Taiwan indicts 62 in alleged Prince Group laundering case as regional pressure tightens on Cambodia-linked scam finance

Taiwan has moved to dismantle alleged Prince Group-linked laundering at the asset layer: cars, property, and cash turning a regional scam narrative into a financial-system enforcement event.

Luxury cars are on display, as Taiwan auctions off luxury cars linked to the Cambodian scam centre Prince Group, in Taipei, Taiwan.
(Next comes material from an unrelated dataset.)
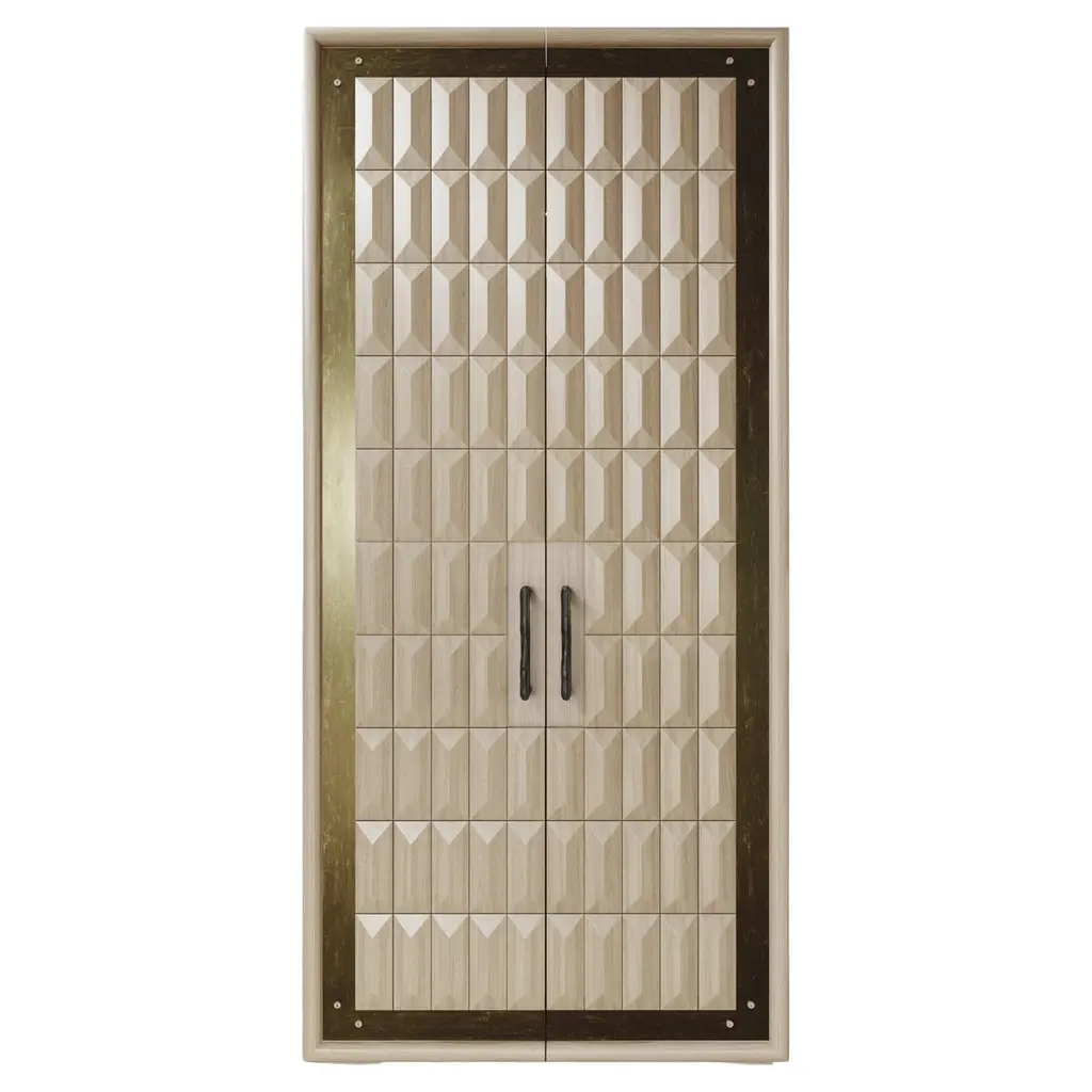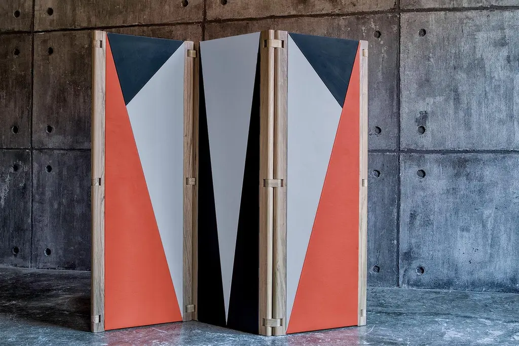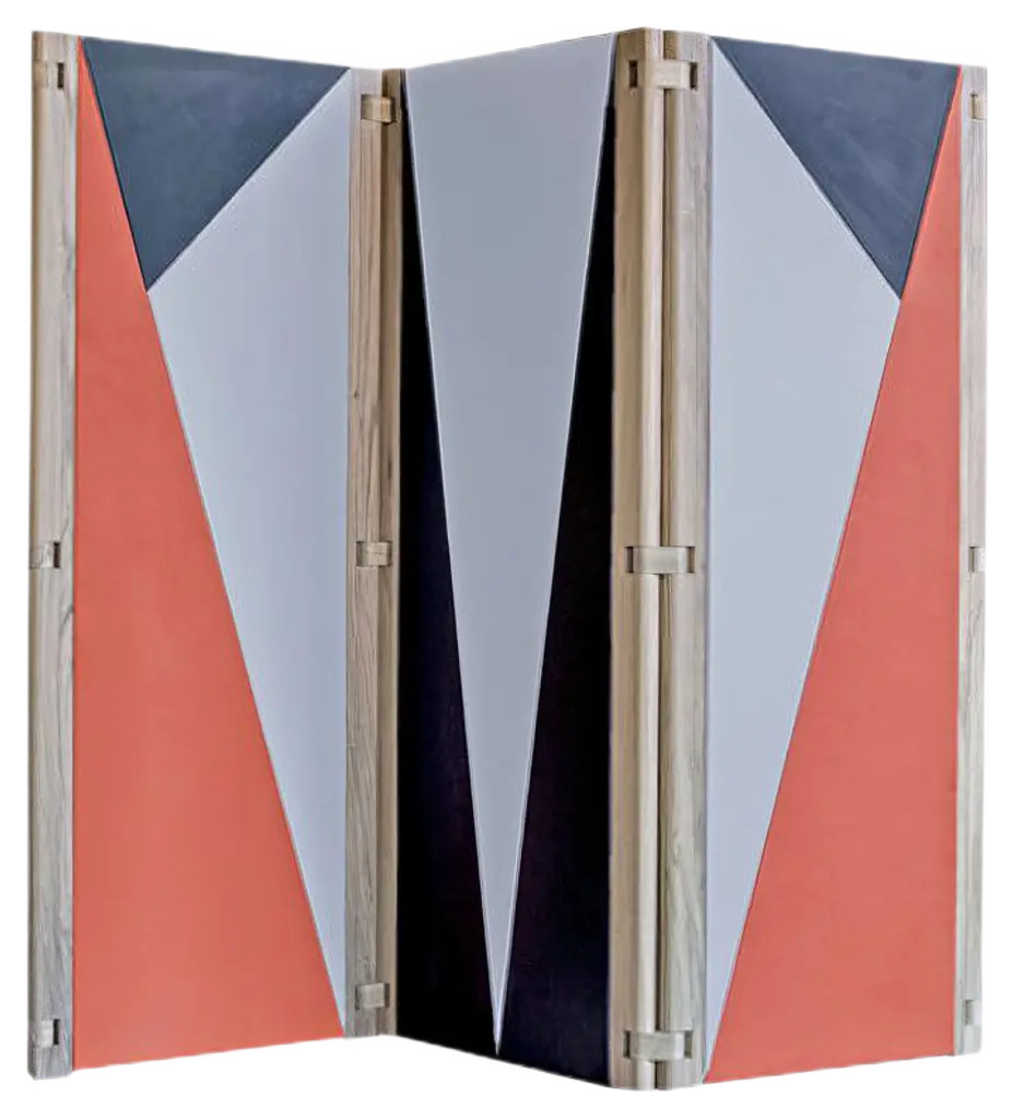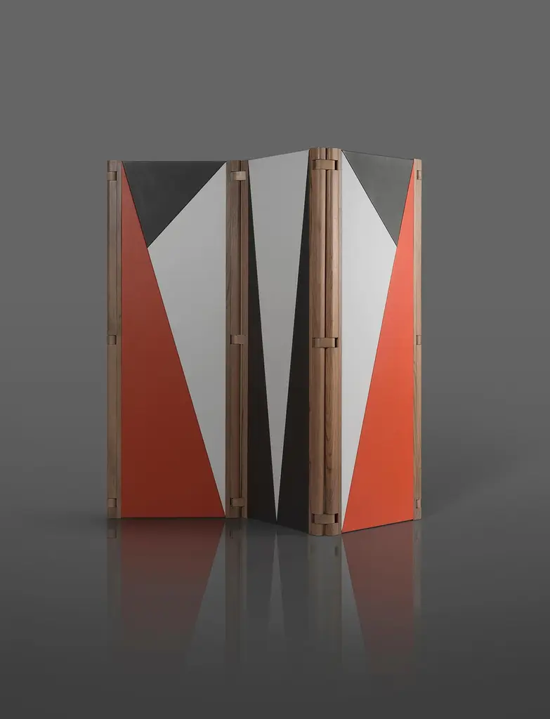 A leather screen that gives character to the room with his simple geometric elements and basic color palette. The three-panel frame and hinges are made of solid Canaletto walnut, while the screens are of honeycomb wood covered in cream, black, and orange leather. This sculptural and bold piece is an excellent solution to divide and enliven rooms.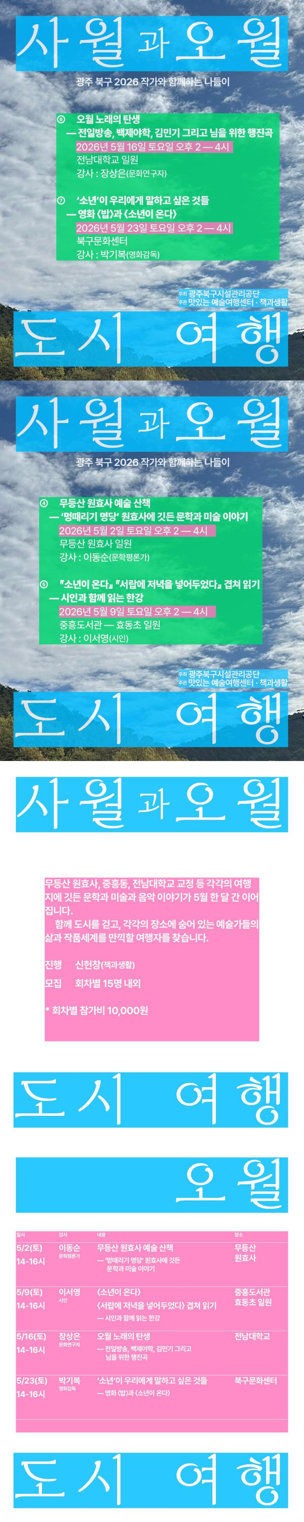 무등산 원효사, 중흥동, 전남대학교 교정 등 각각의 여행지에 깃든 문학과 미술과 음악 이야기가 5월 한 달 간 이어집니다.

REUTERS/Ann Wang Purchase Licensing Rights

TAIPEI, March 4, 2026 – Taipei prosecutors indicted 62 people linked to the Cambodia-based Prince Group over an alleged money-laundering operation that prosecutors said routed about NT$10.8 billion (about US$339 million) into Taiwan to buy luxury goods, sports cars and real estate, according to a prosecutors’ statement reported by Reuters.

Prosecutors said the funds were sent into Taiwan from overseas and used to purchase 24 properties and 35 vehicles, while investigators also identified NT$55.53 million in other assets including cash and designer goods; authorities said more than NT$5.5 billion in assets have been seized in Taiwan.

Taiwan authorities have separately reported the case also involves 13 companies linked to the alleged laundering structure, a detail carried by Taiwan’s state-backed and domestic reporting of the prosecutors’ filings.

Reuters reported that Chen Zhi, founder of the conglomerate that the United States alleges is a front for a large online fraud and money-laundering operation, was shown in Chinese state media hooded and handcuffed after being deported to China from Cambodia earlier this year; Reuters said his current whereabouts were unknown and he could not be reached for comment.

In the United States, the Department of Justice said in October 2025 it unsealed an indictment charging Chen with wire fraud conspiracy and money laundering conspiracy tied to alleged forced-labor scam compounds in Cambodia, and said it filed a civil forfeiture complaint against approximately 127,271 bitcoin (then “approximately $15 billion”), describing it as the department’s largest forfeiture action.

The U.S. Treasury said the United States and the United Kingdom in October 2025 took what Treasury described as the largest action ever targeting cybercriminal networks in Southeast Asia, including sanctions designations against 146 targets within what it called the “Prince Group Transnational Criminal Organization.”

U.S. and U.K. Take Largest Action Ever Targeting Cybercriminal Networks in Southeast Asia

Singapore police said on March 3, 2026 that they arrested three Singaporeans in investigations linked to the Prince Holding Group and its associates, and described additional seizures and restraint actions as part of the same probe.

Taiwan’s reporting of prosecutors’ filings said investigators alleged the laundering used shell entities and an associated digital wallet system referred to as the “OJBK wallet”, alongside underground remittance methods, to channel proceeds into Taiwan and into assets. (This technical detail is not in the Reuters report cited above; it is attributed here to Taiwan’s account of the prosecutors’ filings.)

Authorities across Asia have been tightening enforcement against scam-linked capital flows that expanded during the pandemic, with proceeds believed to be in the billions of dollars annually and often tied to trafficked laborers compelled to run fraud operations, Reuters reported.